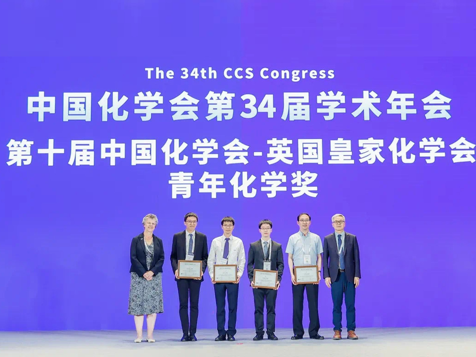 Prof Gill Reid (left) and Prof Xue-Ming Yang, Vice President of CCS (right), presented prizes to the winners of the 10th CCS-RSC Young Chemists Award: (l-r) Wenjing Hong, Xiamen University, Hua Lv, Peking University, Dagang Yu, Sichuan University, Zhiwei Zuo, Shanghai Institute of Organic Chemistry Picture: © Royal Society of Chemistry
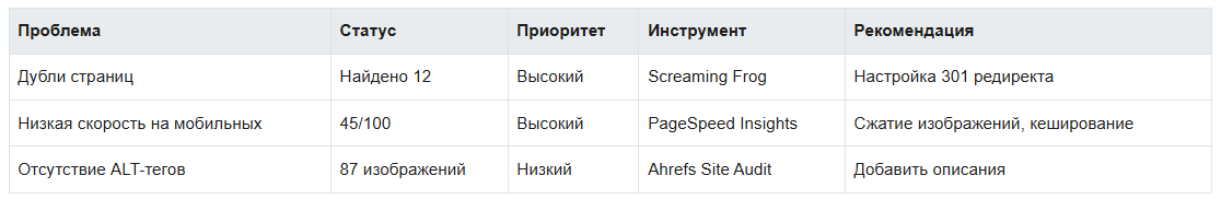Важно: перед началом аудита полезно создать «моментальный снимок» сайта — сохранить текущие версии ключевых страниц, сделать экспорт всех метаданных и выгрузить топовые поисковые запросы. Это позволит позже измерить эффект от внесённых изменений и не работать вслепую!
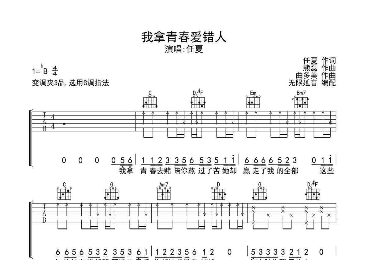 《我拿青春爱错人》是任夏演唱的一首歌曲,拍号为4/4拍,歌曲原调为Bb调,但由于原调指法比较难,为了方便弹奏,本吉他谱采用的是G调指法编配,变调夹3品弹奏即为原调,当然也可以根据自己的音域改变变调夹位置,或者通过改变和弦调性,以方便自己弹奏,这份吉他谱共有三张高清图谱,图谱由 @无限延音 编配上传,图谱使用六线谱编配,包含吉他和弦指法、简谱以及歌词部分,使用这份我拿青春爱错人吉他谱,可以让你更加方便地掌握这首歌曲的弹唱技巧,快来尝试吧。
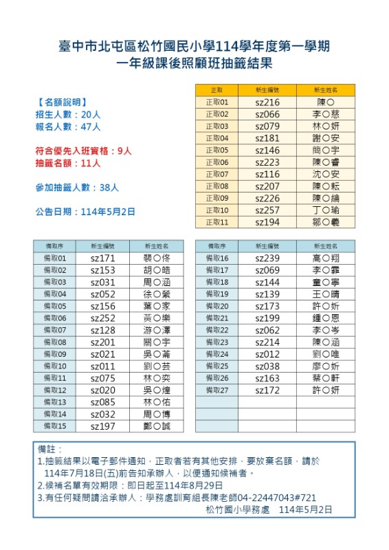 114學年度一年級課後照顧班抽籤結果如附件,請參閱。 1.抽籤結果另以電子郵件通知,正取者若有其他安排,要放棄名額,請於114年7月18日(五)前告知承辦人,以便通知候補者。2.候補名單有效期限:即日起至114年8月29日3.有任何疑問請洽承辦人:學務處訓育組長陳老師04-22447043#721松竹國小學務處 114年5月2日
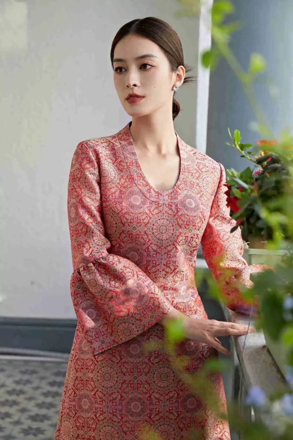 實際上,真正的新中式服裝的面料在紋理、印花、顏色等方面非常有講究。宋錦用5A級以上的蠶絲和“活色”技藝,將上萬根絲線在高達3.5米的提花木機上,經(jīng)過20多道工序織就而成,一天只能織幾厘米。這也使宋錦價格高昂。如八達暈夔龍紋的面料純手工織布每米就要1580元。
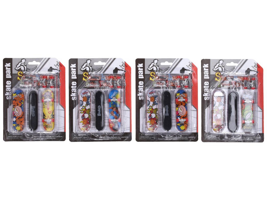 Fingerboard sada s náhradními díly. Délka prkna 9,5 cm. Obsah balení - 1xkompletní fingerboard, 2 náhradní trucky, 8 náhradní šroubků, náhradní prkno, náhradní grip tape, sada šroubováčků na montáž. Více variant.
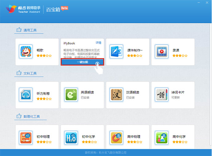 1、软件首界面点击“百宝箱”进入,挑选需要的学科应用,点击“一键加载”即可下载。
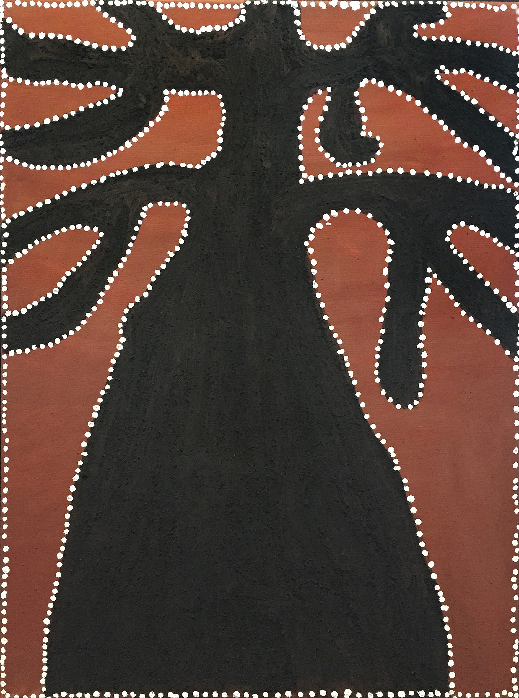 The paintings in this exhibition are simultaneously geographical, historical and biographical. Country is mapped with ochre to illustrate the present and the past: the artists’ personal lives and those of their ancestors. They present a rich tapestry of narratives that reveal the contemporaneity of the Ngarranggarni (Dreaming) amidst the currents of colonisation.

────────────────────

TASK OBJECTIVE:
Output all the records, word for word, with no pictures in the copy.

ANSWER TO THIS PROBLEM:
 Prof Gill Reid (left) and Prof Xue-Ming Yang, Vice President of CCS (right), presented prizes to the winners of the 10th CCS-RSC Young Chemists Award: (l-r) Wenjing Hong, Xiamen University, Hua Lv, Peking University, Dagang Yu, Sichuan University, Zhiwei Zuo, Shanghai Institute of Organic Chemistry Picture: © Royal Society of Chemistry
Важно: перед началом аудита полезно создать «моментальный снимок» сайта — сохранить текущие версии ключевых страниц, сделать экспорт всех метаданных и выгрузить топовые поисковые запросы. Это позволит позже измерить эффект от внесённых изменений и не работать вслепую!
 《我拿青春爱错人》是任夏演唱的一首歌曲,拍号为4/4拍,歌曲原调为Bb调,但由于原调指法比较难,为了方便弹奏,本吉他谱采用的是G调指法编配,变调夹3品弹奏即为原调,当然也可以根据自己的音域改变变调夹位置,或者通过改变和弦调性,以方便自己弹奏,这份吉他谱共有三张高清图谱,图谱由 @无限延音 编配上传,图谱使用六线谱编配,包含吉他和弦指法、简谱以及歌词部分,使用这份我拿青春爱错人吉他谱,可以让你更加方便地掌握这首歌曲的弹唱技巧,快来尝试吧。
 114學年度一年級課後照顧班抽籤結果如附件,請參閱。 1.抽籤結果另以電子郵件通知,正取者若有其他安排,要放棄名額,請於114年7月18日(五)前告知承辦人,以便通知候補者。2.候補名單有效期限:即日起至114年8月29日3.有任何疑問請洽承辦人:學務處訓育組長陳老師04-22447043#721松竹國小學務處 114年5月2日
 實際上,真正的新中式服裝的面料在紋理、印花、顏色等方面非常有講究。宋錦用5A級以上的蠶絲和“活色”技藝,將上萬根絲線在高達3.5米的提花木機上,經(jīng)過20多道工序織就而成,一天只能織幾厘米。這也使宋錦價格高昂。如八達暈夔龍紋的面料純手工織布每米就要1580元。
 Fingerboard sada s náhradními díly. Délka prkna 9,5 cm. Obsah balení - 1xkompletní fingerboard, 2 náhradní trucky, 8 náhradní šroubků, náhradní prkno, náhradní grip tape, sada šroubováčků na montáž. Více variant.
 1、软件首界面点击“百宝箱”进入,挑选需要的学科应用,点击“一键加载”即可下载。
 The paintings in this exhibition are simultaneously geographical, historical and biographical. Country is mapped with ochre to illustrate the present and the past: the artists’ personal lives and those of their ancestors. They present a rich tapestry of narratives that reveal the contemporaneity of the Ngarranggarni (Dreaming) amidst the currents of colonisation.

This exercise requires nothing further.